Wow does simple_markup ever totally miss the point of Markdown. By replacing #-headers with !, and replacing 1.-lists with #, and replacing _-emphasis with __, "Simple" is violating the spirit of the format to make implementation easier.
The point of Markdown isn't to create a super-flexible text2html replacement. The point of Markdown is to come up with rules that match the way people write existing email/Usenet messages as closely as possible. Any time you add a semantic to the format --- like !-headers --- that are virtually never used in email or Usenet, you might as well go all the way off the reservation and implement Textile. I hear Textile does tables, too; I'm sure someone's got an implementation that will generate HTML FORM tags as well. Knock yourself out!
That's interesting, but it doesn't really have any bearing on the thrust of the article; none of those things are cause for the slowness of current Markdown implementations.
(Also, numbered lists are one of my pet peeves with Markdown, since renumbering lists sucks. His way seems more usable.)
Still, I can see that bugging me. I could number a list with all 1.s, but that's like writing code with no indentation or extra spacing. The style of source material matters to me.
Right on the money. Markdown is great and doesn't get too crazy with added syntax for every html entity under the sun that you might want to produce.
In the past I've tried using Markdown for all my docs and failed. Sometimes you just need more control and must use something like LaTeX. Other times you just want to write a README or a few paragraphs that may be converted to html -- these uses are Markdown's bread and butter.
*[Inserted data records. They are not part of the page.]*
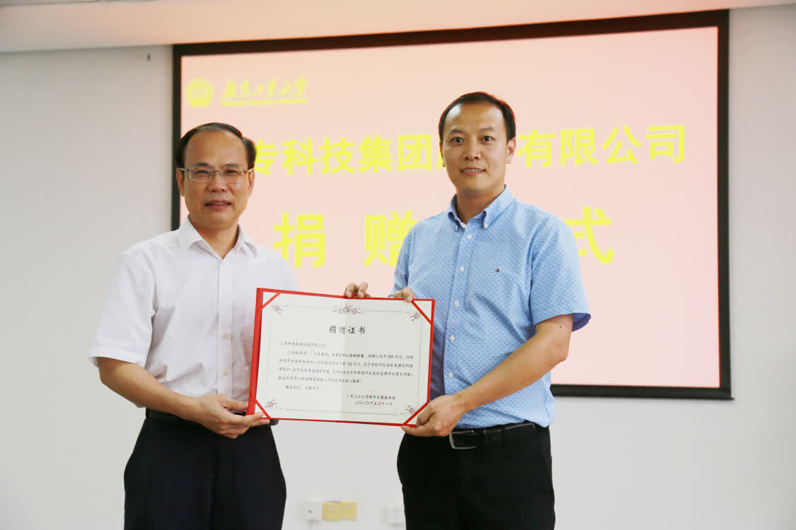 广工校长邱学青向汇专科技董秘蔡丹颁发捐赠证书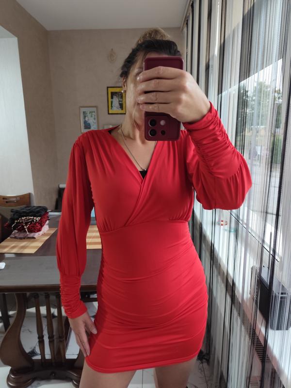 Идеальное состояние, ткань полиэстер и эластен, яркий красный цвет, очень хорошо тянется, классно садится по фигуре,V-образное декольте,, носит плечики,на рукавах и боках складочки, как будто в стяжках, которые по фигуре разравниваются. длина 90см и еще может опускаться на 15 см бежевое до 116 могут хорошо вместиться пог 50 больше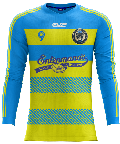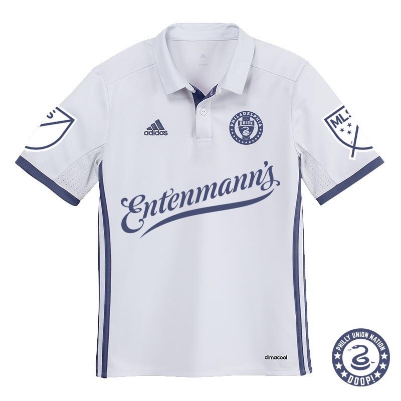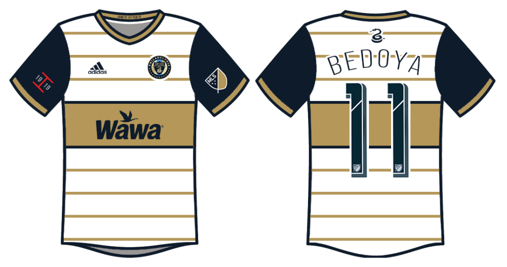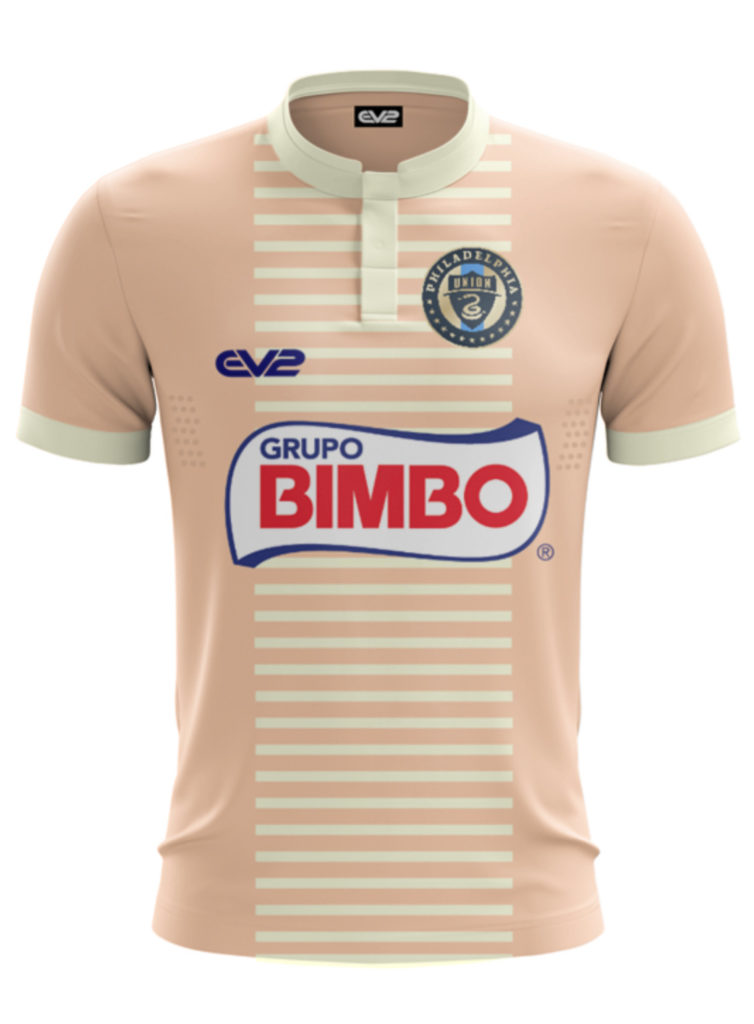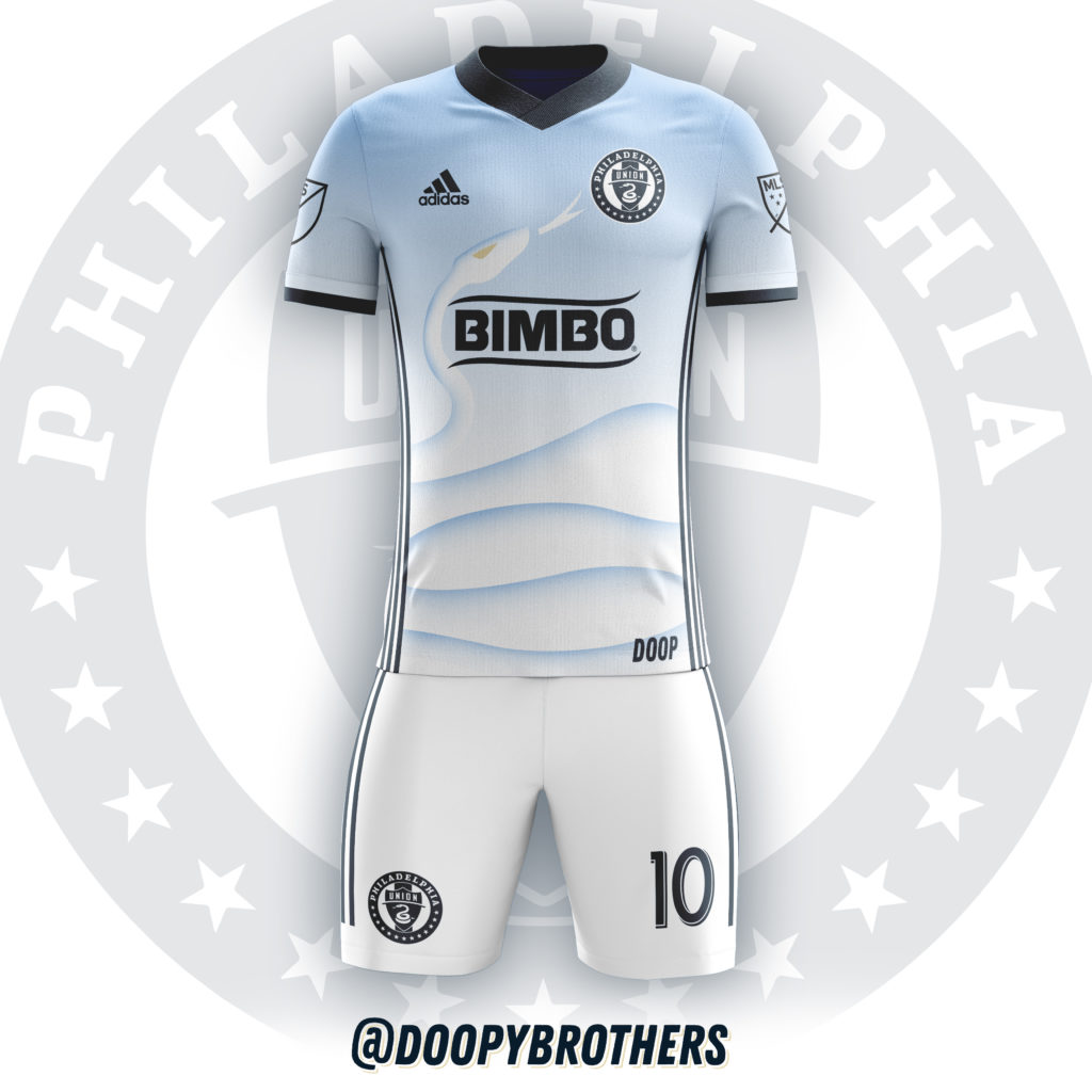 I went with the colors of the city of Philadelphia to celebrate the city and our 10th season as the city’s MLS team. I brought back the “stripe” down the front since it was part of our signature look before the Doop Hoops. Not a fan of the Bimbo logo, I went with one of the their regional brands that blends with the kit better and will not deter as many people from buying one.

The paragraph type in his OCaml program is a compelling reason for why it OCaml is well-suited for writing compilers:
type paragraph =
Normal of par_text
| Pre of string * string option
| Heading of int * par_text
| Quote of paragraph list
| Ulist of paragraph list * paragraph list list
| Olist of paragraph list * paragraph list list
The type definition is stated almost the same as the grammar rule would be.
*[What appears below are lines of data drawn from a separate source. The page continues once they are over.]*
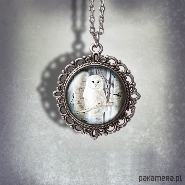 Medalion - Biała sowa - romantyczny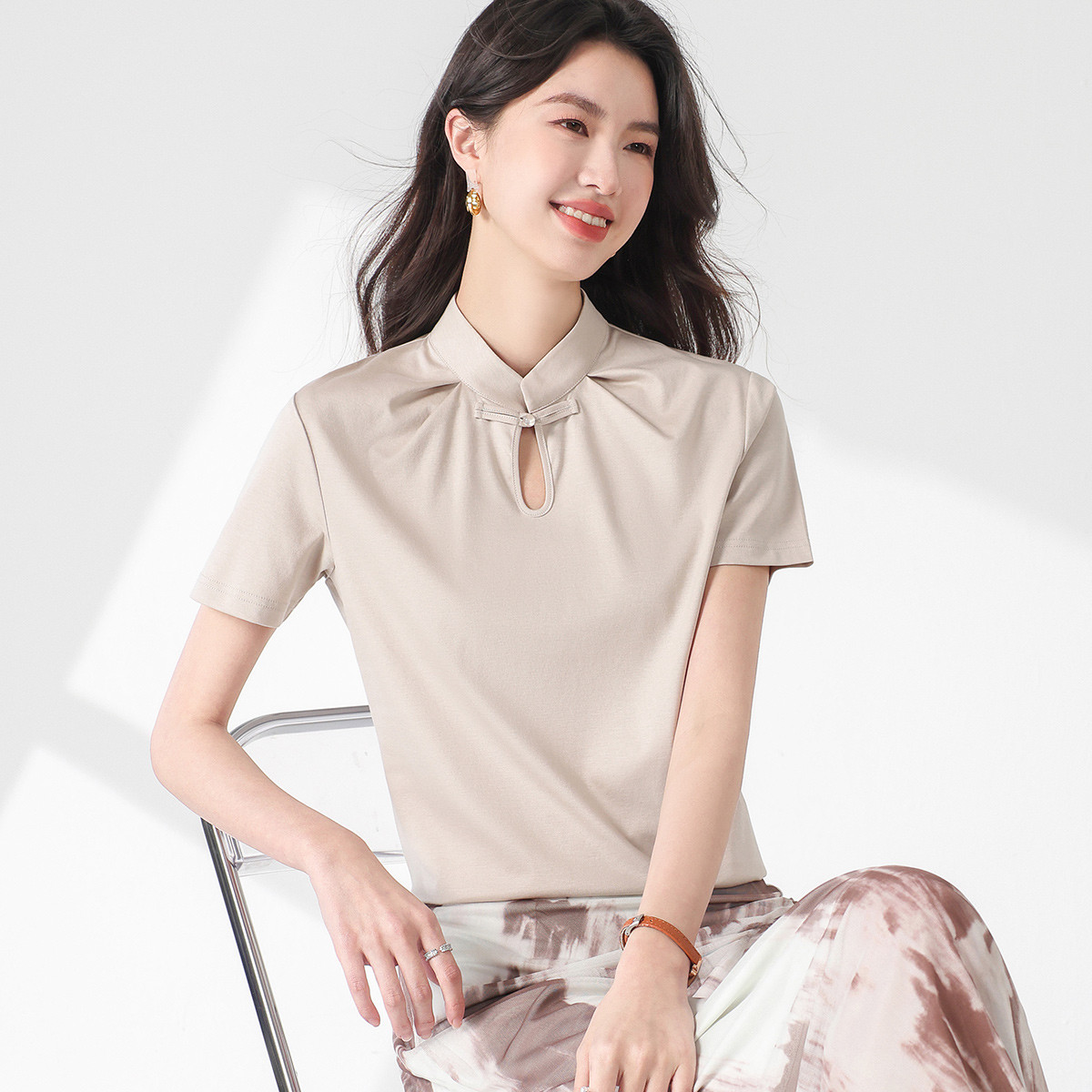 【新中式】旗袍领纯色短袖T恤含桑蚕丝上衣 306963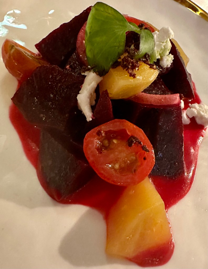 Barb and I chose two starters. One was this beet salad which they graciously split into two portions. I’m a big fan of fresh beets along with goat cheese and this dish really tickled my fancy.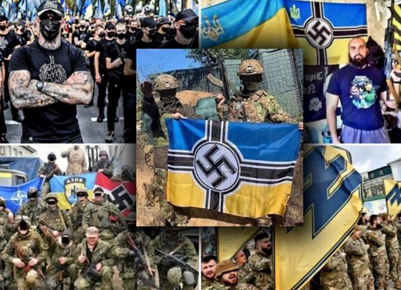Por ejemplo, las expresiones modernas del fascismo se pueden ver en la renovación de los neonazis Azov, C14, Svoboda y Aidar tatuados con la esvástica, amantes del sol negro del ocultismo y vestidos de lobosangel hoy en Ucrania, además de una reescritura completa de la historia de la Segunda Guerra Mundial que se ha sumergido aceleradamente en la irrealidad durante los 30 años desde que colapsó la Unión Soviética.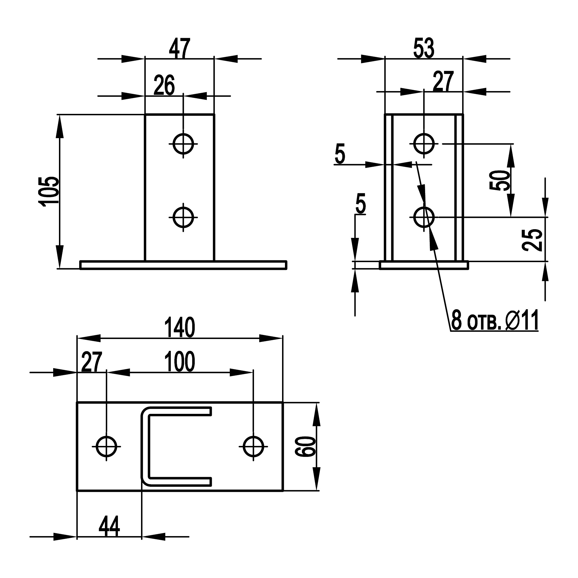 Крепление с площадкой 140х60мм для профиля BPM-41 , INOX 304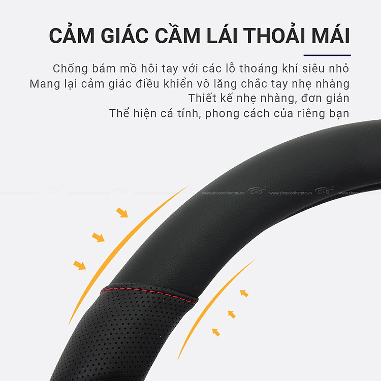 - Bọc vô lăng cao cấp CIND S048 size M màu đen sử dụng chất liệu cao cấp, mang đến sự dễ chịu nhất đến người sử dụng. Sản phẩm tạo cảm giác mềm mại, dễ chịu không gây thô cứng, đau nhức tay hay gây trơn trượt mồ hôi khi lái xe trong thời gian dài. Lỗ thoáng khí trên tay cầm giúp hạn chế đổ mồ hôi gây nhớp nháp khi lái xe.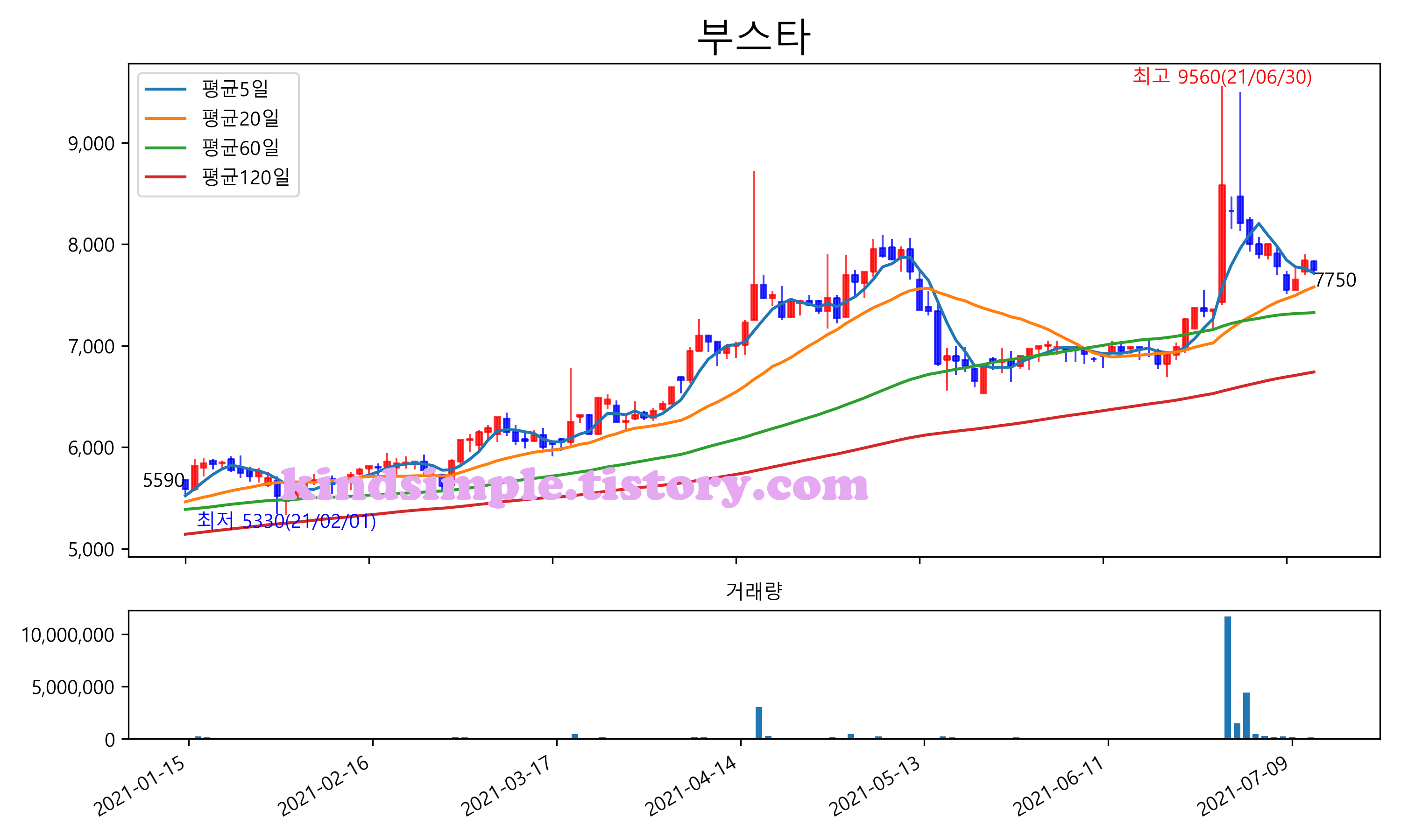 최근 6개월간 캔들차트 및 이동평균선입니다.

OCaml is exceptionally well-suited to writing compilers, or
anything dealing with complex structures of tagged data, really. (See, for instance, http://flint.cs.yale.edu/cs421/case-for-ml.html )
It's a neat language. It's got some implementation and usability quirks, and it seems to have a rather small / quiet community (so there aren't many books, though this one is quite good, IMHO: http://caml.inria.fr/pub/docs/oreilly-book/ ), but it's worth a look.
I've been reading through The Objective Caml Tutorial, http://www.ocaml-tutorial.org/, but I've yet had an opportunity to implement anything with OCaml.
I've actually that essay already about how OCaml is good for compilers, but it really struck me with this example.
...and the OCaml version is a tenth as many lines of code as the C, and a quarter as many as Python, Ruby, and Perl. Also, it uses only a seventh more memory than the C version.
For what it's worth, the OCaml version is a markup processor of the author's design, and not exactly Markdown-compatible. He argues that it's close enough for benchmarking purposes, though. (I agree.)
The point of Markdown isn't to create a super-flexible text2html replacement. The point of Markdown is to come up with rules that match the way people write existing email/Usenet messages as closely as possible. Any time you add a semantic to the format --- like !-headers --- that are virtually never used in email or Usenet, you might as well go all the way off the reservation and implement Textile. I hear Textile does tables, too; I'm sure someone's got an implementation that will generate HTML FORM tags as well. Knock yourself out!